Add to this formula the internal party splits, the devolved interests (particularly Scot and Northern Irish) and the macchiavellian manoeuvering that would take place at a national level as well as the understandable negotiating limits with the European Counterparts then you would hope that as much as possible the institutional underpinnings of the process remain such as to guarantee the full purpose and functioning of a parliamentary democracy.

Bercow’s ruling ostensibly defends parliament (mostly backbenchers) from the actions of a “bullying” executive. May’s third attempt at pushing the “meaningful vote” (MV3) can not happen because it would be the third time too many of trying to get her own way by hook or by crook. The symbolic gesture of Bercow’s announcement is much more important than the practical consequences. I say that because there is always a workaround that is possible for May however any workaround that results in forcing the meaningful vote notwithstanding the Speaker’s warning risks taking on the wrong meaning of meaningful.

It is facile to impute motive to Bercow’s ruling.
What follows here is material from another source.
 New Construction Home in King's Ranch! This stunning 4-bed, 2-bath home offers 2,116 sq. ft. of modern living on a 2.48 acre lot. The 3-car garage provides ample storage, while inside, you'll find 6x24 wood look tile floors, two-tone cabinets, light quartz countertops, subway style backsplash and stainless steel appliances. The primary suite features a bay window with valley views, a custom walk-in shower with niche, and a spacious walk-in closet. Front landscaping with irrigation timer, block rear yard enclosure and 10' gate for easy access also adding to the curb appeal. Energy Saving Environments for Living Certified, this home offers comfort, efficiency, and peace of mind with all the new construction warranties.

Truth is that the rule existed before Bercow. It has a purpose. In the wider picture we can see it as a safeguard against deception. An executive that attempts to “weaponize” time to force the hand of parliament is suddenly caught with its proverbial pants down. This could in effect be seen as a first step of parliament fighting back after it had lost a motion to wrestle the process from May’s hands earlier last week.
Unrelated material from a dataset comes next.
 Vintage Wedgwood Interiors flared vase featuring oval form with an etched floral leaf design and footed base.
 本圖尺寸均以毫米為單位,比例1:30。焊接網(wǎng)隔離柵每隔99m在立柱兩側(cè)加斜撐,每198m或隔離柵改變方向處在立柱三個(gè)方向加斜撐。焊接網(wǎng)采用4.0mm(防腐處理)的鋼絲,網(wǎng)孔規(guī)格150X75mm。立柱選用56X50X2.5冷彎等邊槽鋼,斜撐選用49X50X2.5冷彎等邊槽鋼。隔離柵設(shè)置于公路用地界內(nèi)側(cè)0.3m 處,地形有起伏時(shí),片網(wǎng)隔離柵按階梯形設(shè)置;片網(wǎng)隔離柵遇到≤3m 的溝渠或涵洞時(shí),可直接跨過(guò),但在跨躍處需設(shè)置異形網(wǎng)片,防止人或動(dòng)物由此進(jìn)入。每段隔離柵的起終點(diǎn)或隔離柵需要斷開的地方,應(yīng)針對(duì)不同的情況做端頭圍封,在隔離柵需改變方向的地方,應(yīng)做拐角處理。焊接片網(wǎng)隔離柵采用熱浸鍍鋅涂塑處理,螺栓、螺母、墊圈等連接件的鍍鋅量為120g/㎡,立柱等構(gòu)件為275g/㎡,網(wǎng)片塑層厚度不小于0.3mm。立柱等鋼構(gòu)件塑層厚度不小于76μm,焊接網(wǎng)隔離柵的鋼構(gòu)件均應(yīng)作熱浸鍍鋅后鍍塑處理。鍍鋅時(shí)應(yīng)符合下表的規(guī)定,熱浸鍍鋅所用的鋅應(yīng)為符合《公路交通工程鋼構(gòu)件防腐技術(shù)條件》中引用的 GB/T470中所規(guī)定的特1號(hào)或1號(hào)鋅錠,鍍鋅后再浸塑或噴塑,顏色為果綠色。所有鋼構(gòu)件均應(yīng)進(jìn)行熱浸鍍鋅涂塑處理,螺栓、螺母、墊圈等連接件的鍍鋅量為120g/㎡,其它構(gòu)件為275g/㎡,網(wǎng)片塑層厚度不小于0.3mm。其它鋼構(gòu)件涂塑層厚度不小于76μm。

Returning to the issue of delegated and trustee representation we could see this kind of ruling as another pressure valve that sends a clear signal that on this particular issue – and unless some meaningful change is brought through (highly unlikely given the noises coming from Europe) – the matter might be slowly slipping out of the hands of the elected representatives themselves.

If they really want to fulfill their centuries old function of popular representation then they might want to realise that the mother of all parliaments is due a consultation with its people. If only to see whether their original mandate still stands given the new facts and circumstances that have arisen since the last popular vote.